_DATA LISTING_:
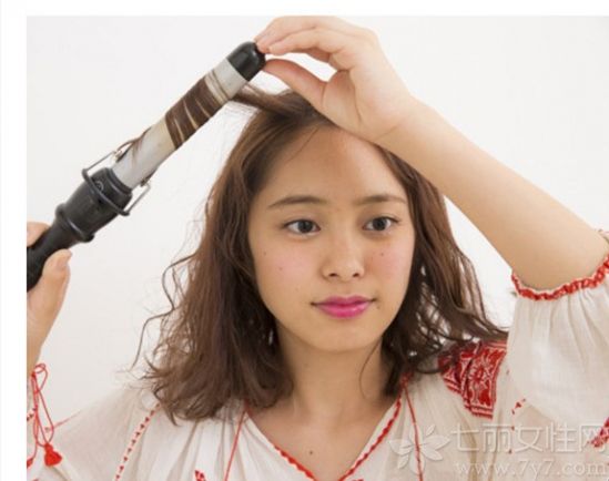 先用加热的卷发棒将发丝烫卷。
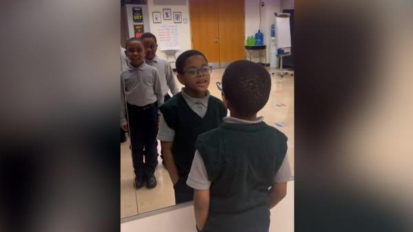 一个又一个男孩走到镜子前。有些人很自信,有些人看起来很害羞,还有很多人在做一个简单的自爱行为时咧着嘴笑:对着镜子说他们最喜欢自己的什么。
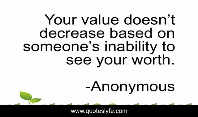 This page presents the quote "Your value doesn’t decrease based on someone’s inability to see your worth.". Author of this quote is Anonymous. This quote is about enthusiasm, inspirational, self-worth,.
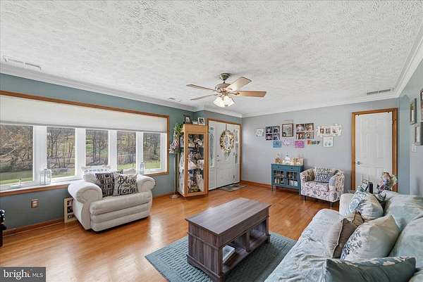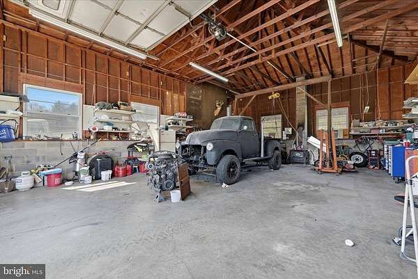 Welcome to 4001 Bentonville Rd in Bentonville, VA—where comfort, space, and thoughtful upgrades come together in a beautiful brick ranch home set on 5 scenic acres with mountain views and a spring-fed pond. This well-maintained home offers 4 bedrooms (3 bedroom-6 person max occupancy, conventional septic) and 2 full bathrooms, with a layout designed for both everyday living and flexibility. A thoughtfully designed addition creates a split-bedroom floor plan, ideal for added privacy. The addition is equipped with efficient mini-split systems for year-round comfort, while the main home is serviced by an HVAC system that was replaced approximately 1.5 years ago and includes a U/V light filtration feature. The main level features gleaming hardwood floors and a welcoming living room centered around a classic brick fireplace with hearth, mantle, and charming sconce lighting. The large eat-in galley kitchen offers great functionality with newer appliances, including a refrigerator with the large glass front, cooktop, and microwave—all less than 4 years old. The primary bedroom offers 2 large cedar lined closets. Main-level bathroom was recently renovated (approximately 2 years ago) showcasing stylish tile flooring, a beautifully tiled shower with built-in bench seating, and a double vanity. Downstairs, the finished basement adds valuable living space and includes a second full bathroom. This property is packed with additional upgrades for comfort and peace of mind, including a whole-house water filtration system with U/V light and softener through Water Works, a radon mitigation system, Generac generator, and a newer roof on both the home and garage (approximately 5 years old). Car enthusiasts, hobbyists, or those needing extra workspace will appreciate the impressive detached garage—approximately 40’x30’ plus additional storage space. It features a 13’ tall door, wood stove, three 220-V outlets, and an exterior RV plug. A 14’ lift can convey with an acceptable offer. Enjoy the beauty of nature right from your own front yard, with open acreage, mountain views, and a peaceful pond fed by a natural spring. This property offers the perfect blend of rural charm and modern convenience—ready to welcome you home
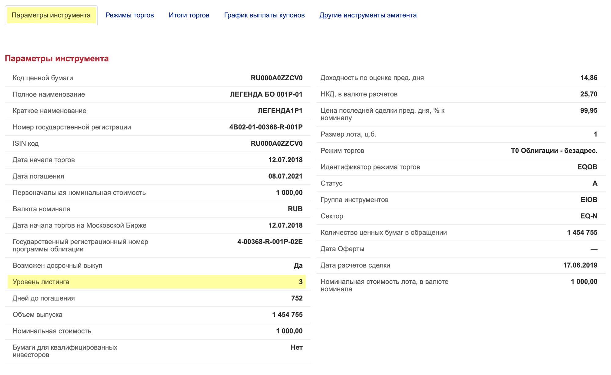 Текущая доходность облигаций «Легенды» на сайте Московской биржи
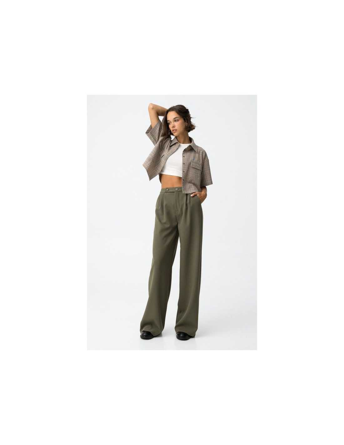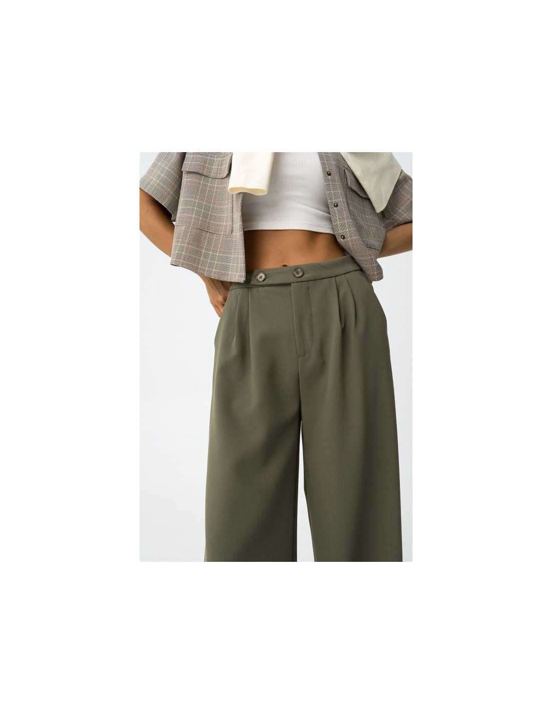 Pantalones wide leg con pliegues de sastrería y dos bolsillos. Cintura alta con cierre de cremallera y botones.

_BRIEF_:
Only the lines from the one with "Текущая доходность облигаций" through the last line of the listing belong in your answer; copy them exactly and skip the pictures.

_SOLUTION FOR THIS PROBLEM_:
 Текущая доходность облигаций «Легенды» на сайте Московской биржи
 Pantalones wide leg con pliegues de sastrería y dos bolsillos. Cintura alta con cierre de cremallera y botones.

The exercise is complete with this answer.